I won't give up. I just won't. I will be strong for them and I'll tell that evil voice inside to shut the * up every time. I can be strong even when I am afraid. I can be strong for them.
#14
Recovery Journals / Re: quietdespair's journal
July 04, 2017, 12:41:37 AM
Candid, thank you for your kind words. I appreciate it more than you know. :hug:
#15
I've been thinking a lot about things lately. Things have been bothering me. I guess I'm just in a funk right now. I go through them from time to time and I just have to ride it out. Tell myself these thoughts and feelings, these nightmares, they can't stay forever. They'll go quiet for awhile and I can live in relative peace once more.
I think that I know what triggered everything again. I took this ACE test a couple weeks ago and it's supposed to gauge your trauma in childhood or something.
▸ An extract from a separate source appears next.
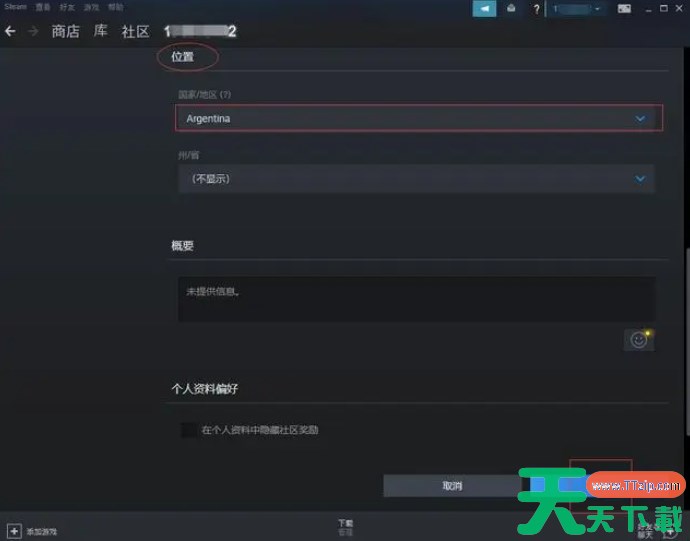 打开steam客户端-右上角【账号】-查看我的个人资料-编辑个人资料-位置-国 家/地 区栏“下拉键”,修改地区之后,记得保存修改。最后再重启steam客 户端,就会发现steam地区已经改了。

Anyway, there was only 10 questions and I can't remember them all but I said yes to 9 out of ten of them and the only question that was a no was if anyone ever went to prison. Haha. I felt pretty stupid when I realized last week that my memory had fooled me yet again. My mom went to prison for two years on drug charges and I'd somehow forgotten all about it.
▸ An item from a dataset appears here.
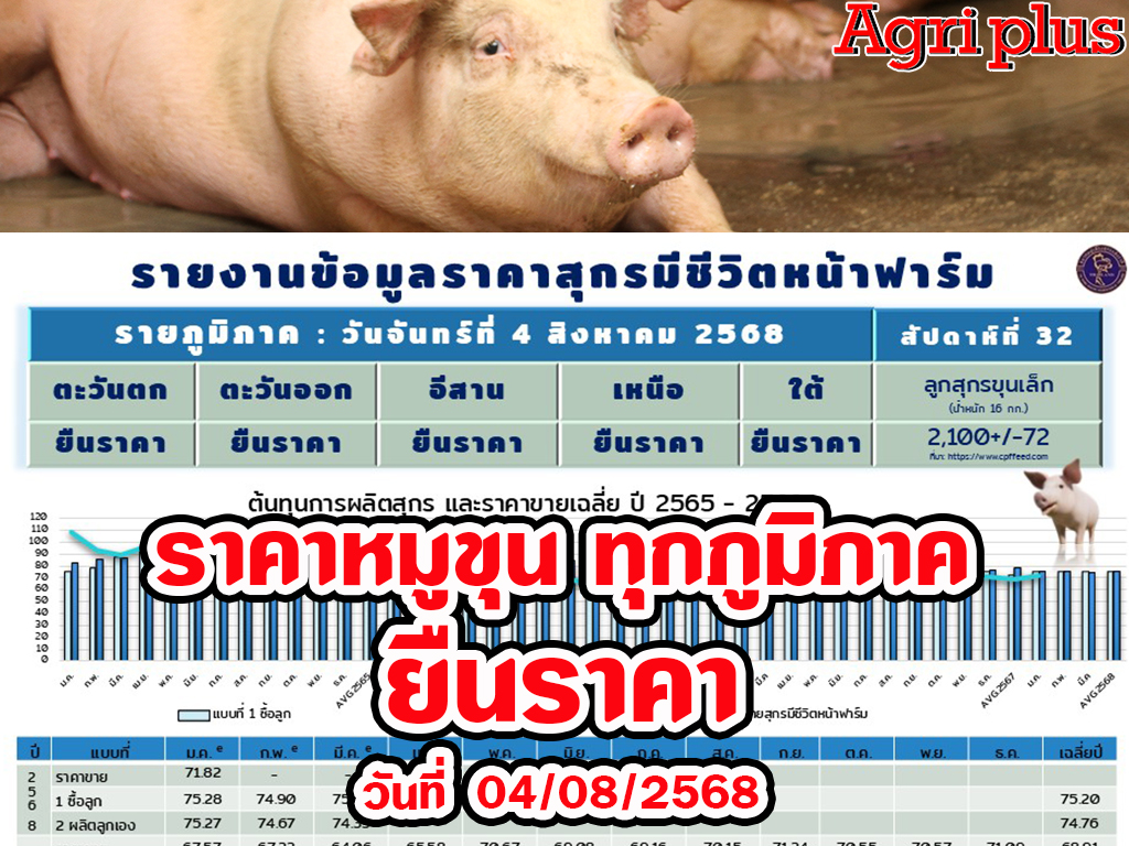ราคาหมูขุน ทุกภูมิภาค ยืนราคา

So ten out of ten. Hoo-freakin-rah.

I've been asking myself lately if I'm depressed. Am I? These thoughts. Remembering things I've buried so long. Remembering things at the worst possible times also. I was intimate with my husband a few days ago when I had my first flashback in forever. It took everything in me not to push my husband away and curl into a ball. He had no idea about it. I bit my lip and turned my head away from him and screamed inside my head. It gave me goosebumps and my flesh was crawling, I felt nauseous. The memory only lasted for a minute or so but he tried to engage intimacy again last night and I couldn't bring myself to tell him the truth. It's like I'm ashamed. Ashamed at something that happened over half my life ago. I've told him so much but there's certain things I can't and it makes me feel bad. I've never told anyone. I've never said it aloud or even written it down. Even thinking about it just disgusts me. I know I'm not at fault for what happened. Intellectually, I know I am not to blame for the sick things that were done to me, the grotesque things I let happen because I was too afraid or messed up in the head to know that it was wrong, but somewhere deep down I still feel ashamed and disgusted by myself.
I cope the only way I've ever known how. I numb myself in various ways and I tell myself that it doesn't matter. None of it matters and the past doesn't need to be brought to light.
I'm certain that this isn't healthy. I'm certain that I have MANY issues to deal with but I don't know how. If I'm being honest about it, I'm afraid to try.